Source records
□ □ □ □ □

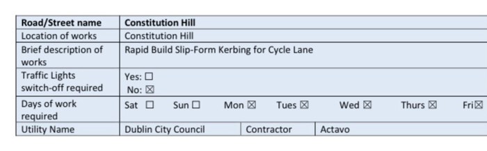 Dublin City Council’s Roadworks Control Unit has given permission for the following works to take place next week (October 31st – November 6th): Each of these projects have been approved … Continue Reading #NorthInnerCity Roads & Traffic Works – October 2020
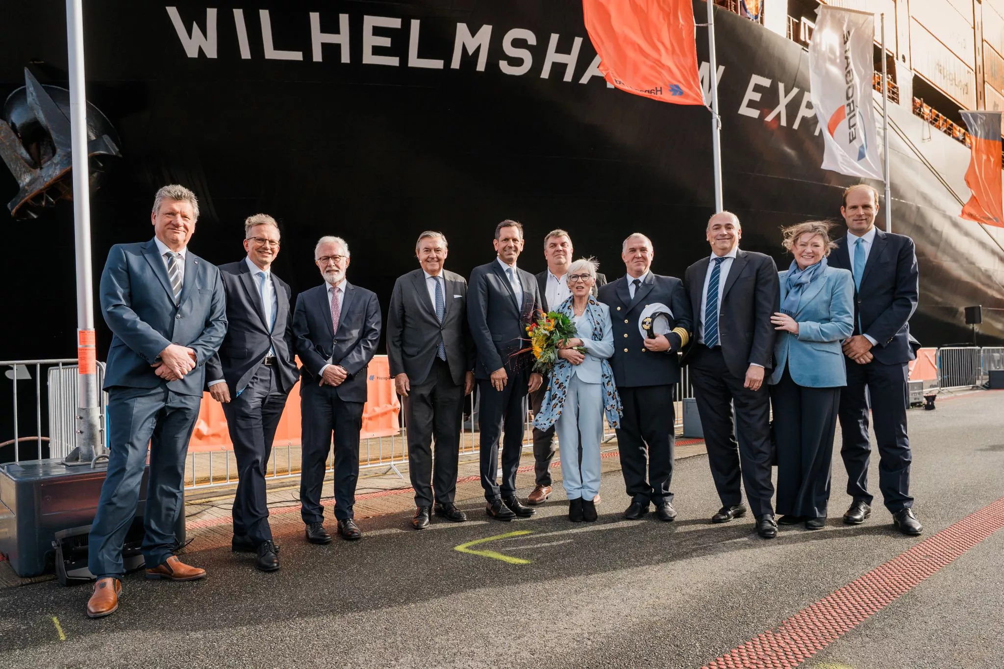 La naviera Hapag-Lloyd celebró el bautizo del “Wilhelmshaven Express” en el puerto Jade Weser de Alemania, marcando la incorporación del duodécimo y último buque de la clase Hamburgo, con 23.660 TEUs de capacidad y propulsión dual de GNL y biometano.
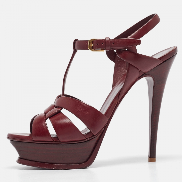 Saint Laurent Burgundy Leather Tribute Ankle Strap Sandals Size 38.5
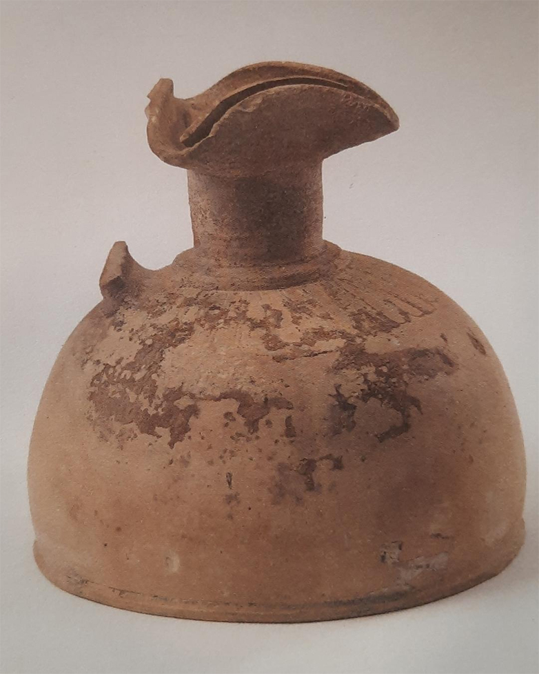 Αρχαιότητα που είχε απομακρυνθεί, κατά την περίοδο της Γερμανικής κατοχής, επιστράφηκε στην Ελλάδα, από τον Δήμο του Αννόβερου Γερμανίας και το Μουσείο August Kestner. Πρόκειται για μία τριφυλλόσχημη οινοχόη με πώμα, που χρονολογείται στο 620- 600 π.Χ., η οποία σώζει ίχνη από γραπτή διακόσμηση περιμετρικά του λαιμού. Το αγγείο είχε περιέλθει στο Μουσείο το 1986 από τον καθηγητή Γεωλογίας Δρ.Hannfrit Putzer και, σύμφωνα με επιστολή που το συνόδευε, το είχαν βρει Γερμανοί το 1943 κατά τη διάρκεια εκσκαφών, στο νότιο άκρο της διώρυγας της Κορίνθου και του το είχαν παραδώσει. Μαζί με την επιστολή υπήρχε και σκαρίφημα που έδινε τη θέση ανεύρεσης του αντικειμένου.
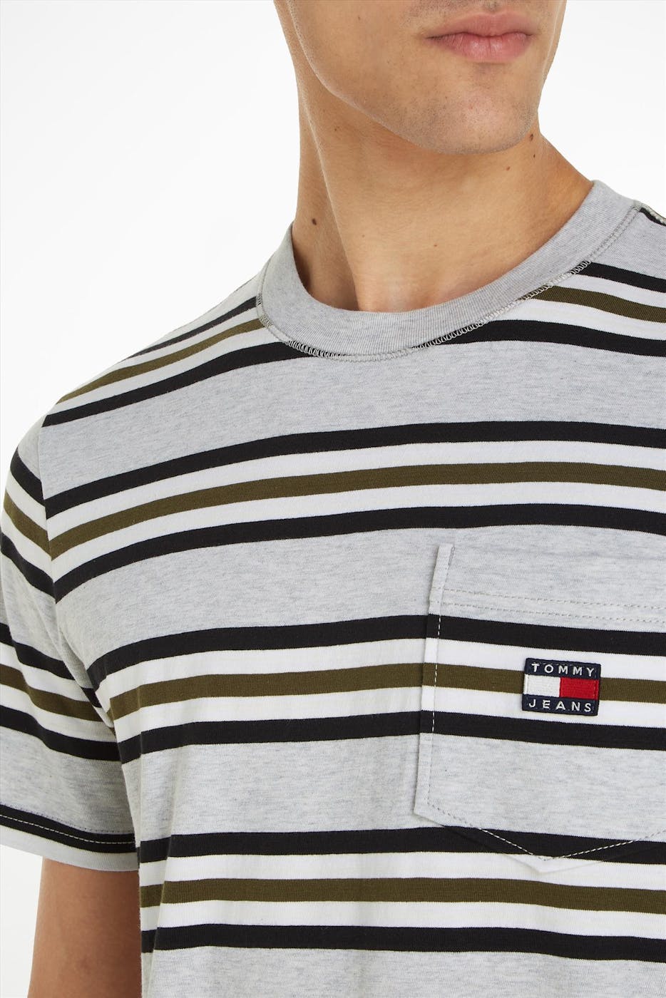 Tommy Jeans - Lichtgrijze Stripe T-shirt
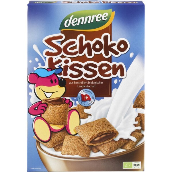 Pernitele de ciocolata ecologice ofera o placere pura. Pernitele de ciocolata Dennree sunt fabricate din cereale organice valoroase si sunt umplute cu o crema delicioasa de ciocolata, fabricata din ciocolata ecologica elvetiana topita autentica. Înmuiate în lapte rece, ele sunt o masa gustoasa pentru micul dejun sau între mese. Dar, de asemenea, pure pernitele de ciocolata sunt un desert irezistibil pentru toate vârstele. Bucurati-va de gustul crocant si de ciocolata.
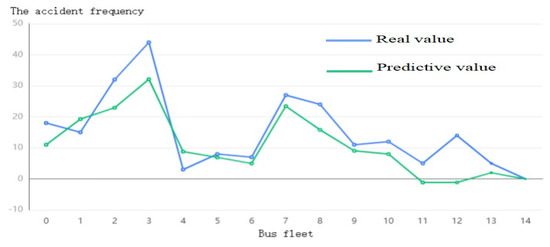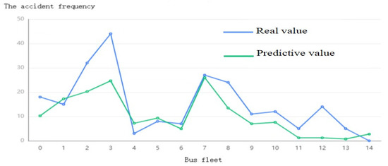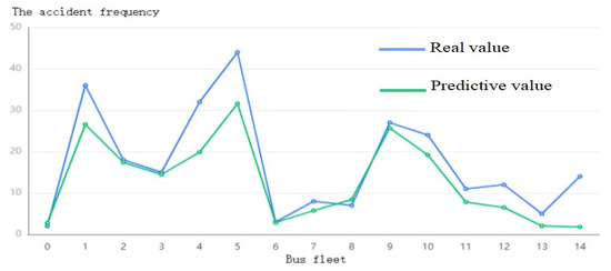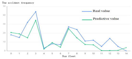 To investigate the effect of service violations on the predictive effect of the XGBoost model, only safety violations were used in the modeling. The model employed a total of five safety violation types, including bus GPS speeding violation, bus dangerous driving behavior, bus safety operation violation, bus safety violation, and bus general road access violation, as input variables, and the number of fleet traffic accidents as the dependent variable, with 70% of the data serving as the training set. Table 11 displays the final output model evaluation results.
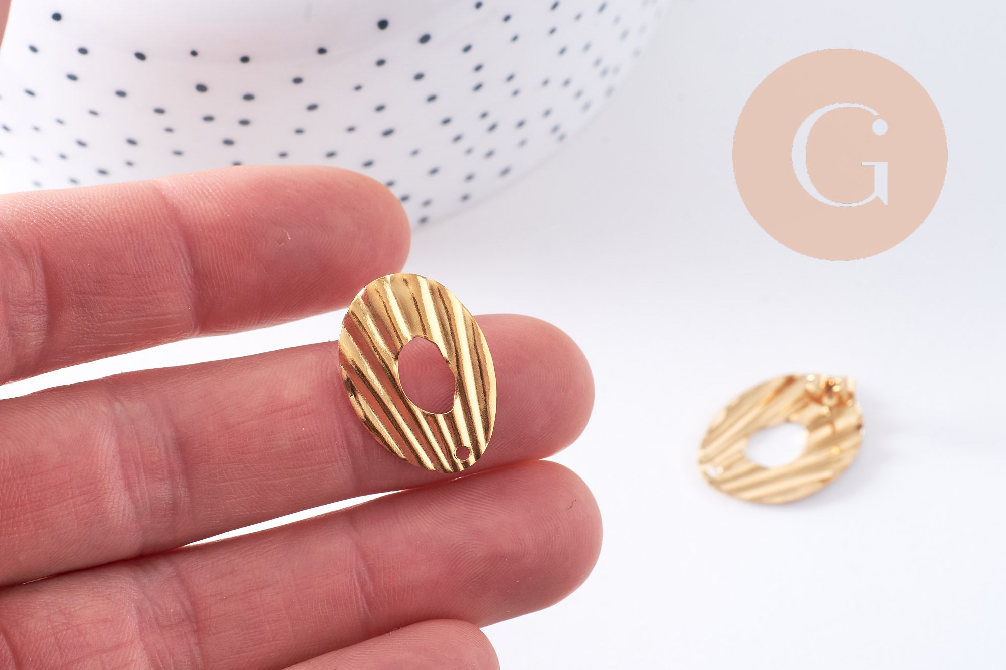 Add a chic and graphic touch to your creations with these ridged oval stud earrings in gold-plated 304 stainless steel . Their elegant oval shape and grooved texture give them a modern and refined look, perfect for minimalist or sophisticated creations.
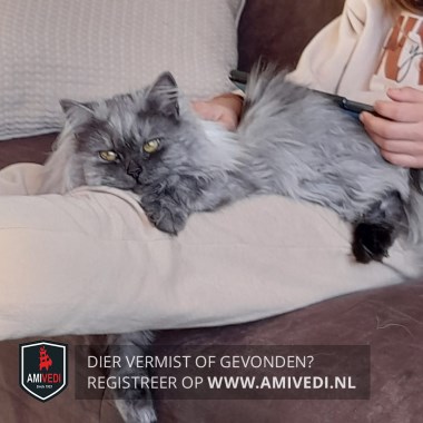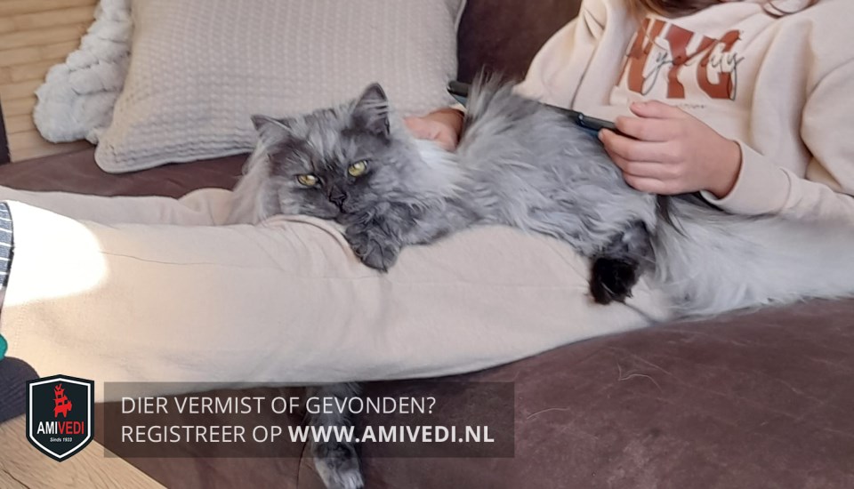 | Signalement | Grijs/zwart smoke gemêleerde vacht. Het snuitje is donkergrijs/zwart. Linkerachterpoot heeft een zwart voetje. |
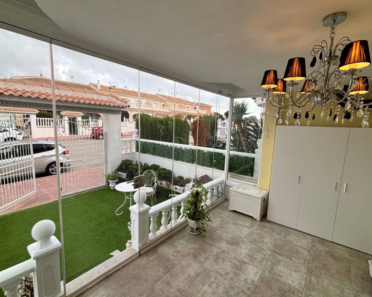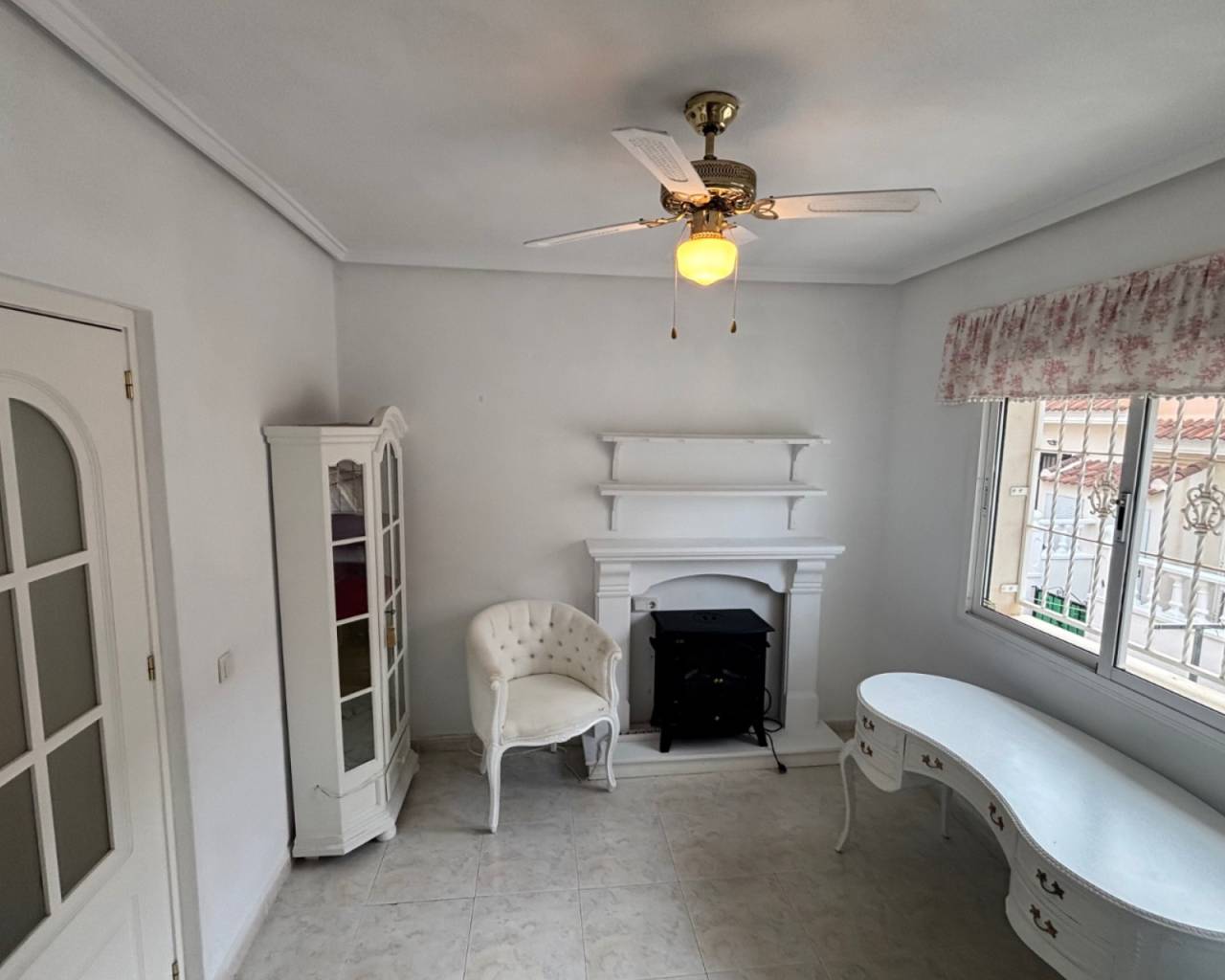Aquí tenemos esta casa adosada de 2 dormitorios en Monte Azul, ubicada en una urbanización consolidada con bar y restaurante, a solo 5 minutos en coche de los populares pueblos de Quesada y Benijófar. Los campos de golf La Finca y La Marquesa se encuentran a 5-10 minutos en coche, mientras que las hermosas playas de la Costa Blanca Sur se encuentran a unos 15 minutos. Bien cuidada, esta casa de 101 m² cuenta con una terraza delantera cubierta con cortinas de cristal. La planta baja consta de un luminoso salón-comedor independiente que da a una cocina independiente equipada con puerta a la parte trasera, un dormitorio doble y un baño con ducha. En la primera planta hay dos dormitorios dobles, ambos con ventiladores de techo, incluyendo el principal con acceso a una terraza cubierta. La terraza de los dos dormitorios está cubierta. Un baño familiar con ducha. En el exterior, el jardín delantero requiere poco mantenimiento. Esta propiedad también cuenta con aire acondicionado y, por supuesto, con acceso a la preciosa piscina y jardines comunitarios, a pocos pasos.

□ □ □ □ □

**Exercise:** Take the lines above starting at the one containing "Tommy Jeans - Lichtgrijze Stripe T-shirt" and ending at the one containing "Add a chic and", and print them again exactly, without pictures.

**Solution:**
 Tommy Jeans - Lichtgrijze Stripe T-shirt
 Pernitele de ciocolata ecologice ofera o placere pura. Pernitele de ciocolata Dennree sunt fabricate din cereale organice valoroase si sunt umplute cu o crema delicioasa de ciocolata, fabricata din ciocolata ecologica elvetiana topita autentica. Înmuiate în lapte rece, ele sunt o masa gustoasa pentru micul dejun sau între mese. Dar, de asemenea, pure pernitele de ciocolata sunt un desert irezistibil pentru toate vârstele. Bucurati-va de gustul crocant si de ciocolata.
 To investigate the effect of service violations on the predictive effect of the XGBoost model, only safety violations were used in the modeling. The model employed a total of five safety violation types, including bus GPS speeding violation, bus dangerous driving behavior, bus safety operation violation, bus safety violation, and bus general road access violation, as input variables, and the number of fleet traffic accidents as the dependent variable, with 70% of the data serving as the training set. Table 11 displays the final output model evaluation results.
 Add a chic and graphic touch to your creations with these ridged oval stud earrings in gold-plated 304 stainless steel . Their elegant oval shape and grooved texture give them a modern and refined look, perfect for minimalist or sophisticated creations.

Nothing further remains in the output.